What to do ->
What you return must match the listing below character for character, minus any pictures.

Raw data ->
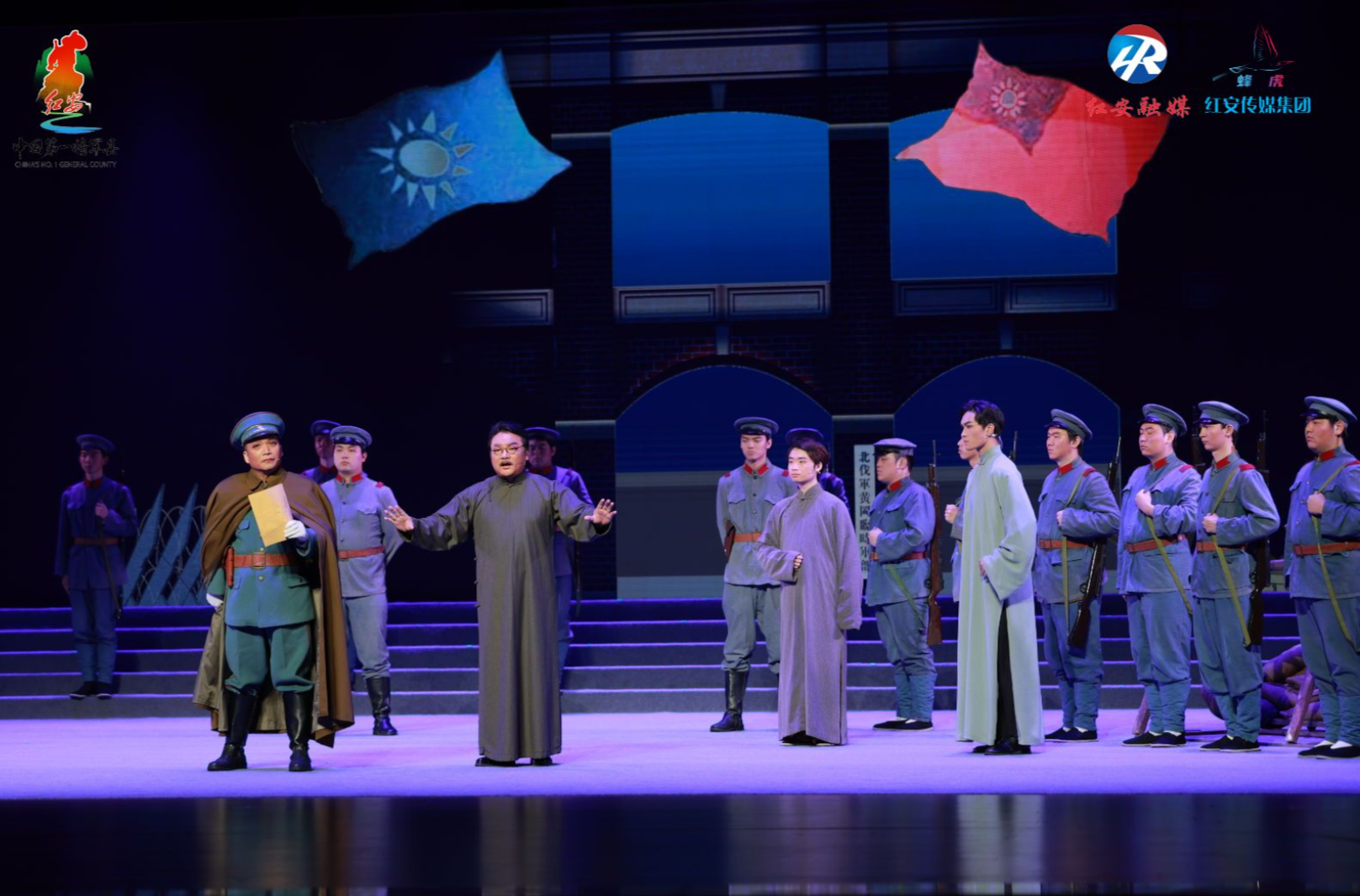 红安网消息 11月14日晚,2022年国家艺术基金传播交流推广项目、湖北省第十一届屈原文艺奖获奖作品、湖北省“喜迎二十大,礼赞新时代”系列文艺文化活动百部优秀作品、黄冈师范学院原创大型黄梅戏音乐剧《霜天红烛》在红安县影剧院成功展演。浙江省发改委党组成员、副主任骆方豪,宁波市发改委党组成员、二级巡视员吴军,黄冈市发改委党组书记、主任蔡伟,黄冈师范学院党委副书记王基家,红安县委书记胡广,红安县委副书记、代县长钟林,以及张治祥、张凤珍、余宏波、段炎涛、熊孟元、阮璘、赵湘伟等县“四大家”领导班子成员及其他县级领导,各乡镇(场、处)党政主职、宣传委员,县直各单位主要负责人与红安各界干部、群众一起观看了剧目。
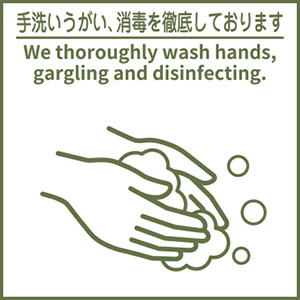 従業員は出社後に必ず体温測定を行い、体温の確認と手指の消毒を徹底しております。
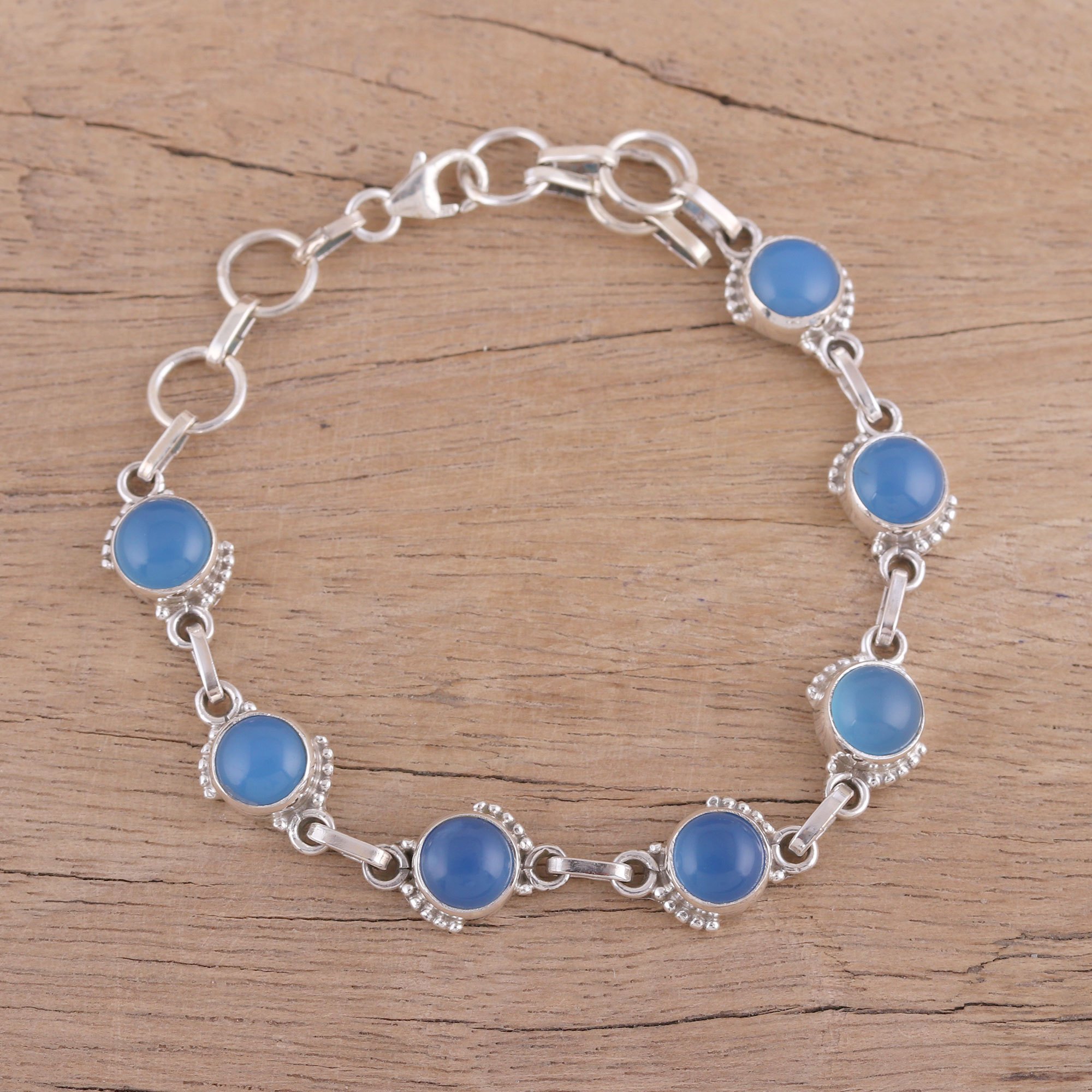 Charming orbs of blue chalcecony circle the wrist, featured in this amazing bracelet presented by Alok Jain. He works with local artisans, who craft the bracelet with sterling silver links that connect the stones. An adjustable length lets this accessory fit the wrist comfortably.

Answer space ->
 红安网消息 11月14日晚,2022年国家艺术基金传播交流推广项目、湖北省第十一届屈原文艺奖获奖作品、湖北省“喜迎二十大,礼赞新时代”系列文艺文化活动百部优秀作品、黄冈师范学院原创大型黄梅戏音乐剧《霜天红烛》在红安县影剧院成功展演。浙江省发改委党组成员、副主任骆方豪,宁波市发改委党组成员、二级巡视员吴军,黄冈市发改委党组书记、主任蔡伟,黄冈师范学院党委副书记王基家,红安县委书记胡广,红安县委副书记、代县长钟林,以及张治祥、张凤珍、余宏波、段炎涛、熊孟元、阮璘、赵湘伟等县“四大家”领导班子成员及其他县级领导,各乡镇(场、处)党政主职、宣传委员,县直各单位主要负责人与红安各界干部、群众一起观看了剧目。
 従業員は出社後に必ず体温測定を行い、体温の確認と手指の消毒を徹底しております。
 Charming orbs of blue chalcecony circle the wrist, featured in this amazing bracelet presented by Alok Jain. He works with local artisans, who craft the bracelet with sterling silver links that connect the stones. An adjustable length lets this accessory fit the wrist comfortably.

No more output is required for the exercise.